2014年2月、東京証券取引所市場第一部へ上場市場を変更した[28]。JASDAQから東証一部への移行は、1997年の店頭登録以来続いた新興市場からメインボードへの昇格にあたる。2009年の資本業務提携で始まったキーエンスとの関係は、キーエンス出身の関灘恭太郎氏[29]を経営陣に迎えるなど、同社出身者が経営の舵を握る段階へ進んだ。キーエンスで培われた業績管理の手法と、スマイルゼミを中心とする教育コンテンツ事業とを組み合わせた経営が進められ、創業家から派遣経営陣への移行を経て収益の安定化を図る方向が定まった。
米国スマイルゼミ展開と海外進出の起点
2025年5月、米国向けの家庭学習サービス「Smile Zemi」(Grade K、幼稚園・年長相当)を提供開始した[30]。
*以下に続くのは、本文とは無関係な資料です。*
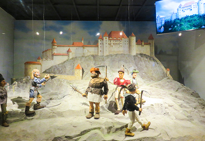 古堡里还有一个木偶博物馆。橱窗里展示木偶剧的模型。

国内で築いたタブレット型通信教育の仕組みを北米の家庭へ持ち込む試みで、創業以来初めての本格的な海外向けサービスにあたる。日本語ソフトを生んだ徳島本社の会社が、教育サービスを国外へ展開する段階に入った。2025年3月期の営業利益率は3割を超えた。「一太郎」「ATOK」ではなく、タブレット型通信教育「スマイルゼミ」が収益の中心を担う事業構造へと、同社の中身は入れ替わった。
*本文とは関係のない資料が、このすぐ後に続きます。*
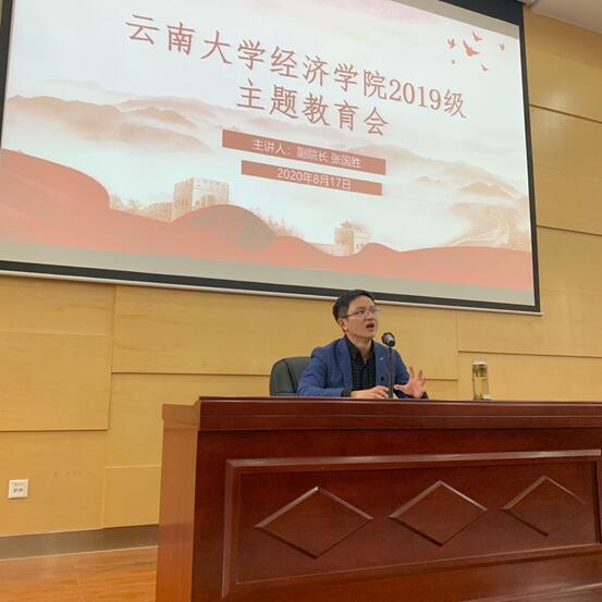 第五场主题教育由副经理冯勇老师主讲,主题为宏观经济环境下的云南省省情。首先,冯副经理结合曾经在云南省发改委的工作经验,向同学们全面深入的分析了全国的宏观经济环境,深入详实地介绍了云南省基本情况,着重强调了云南省的特色发展优势和基本的大政方针,为同学们进入社会提供了宏观层面的知识储备。他还鼓励广大青年朋友们,“我们坚信,只要全省上下坚定不移向着习近平总书记指引的方向砥砺前行,彩云之南必将迎来更加辉煌灿烂的明天,我们的生活一定会小康幸福”。

創業から46年を経た2025年現在[31]、ジャストシステムは「一太郎」「ATOK」を生んだ徳島発のソフトウェア会社から、スマイルゼミを主軸に消費者へ教育サービスを売る会社へと業態を変えた。この転換を駆動したのは、2009年のキーエンスとの資本業務提携[32]と、創業者の浮川和宣氏からキーエンス出身経営陣への経営権の移行[33]だった。ワープロという主力製品を市場の構造変化で失った会社が、教育という別の市場で収益基盤を作り直した点に、この四半世紀の歩みの核がある。米国でのスマイルゼミ展開は、国内で確立した通信教育の仕組みが言語・教育制度の異なる市場でどこまで通用するかを、同社が初めて問う取り組みにあたる。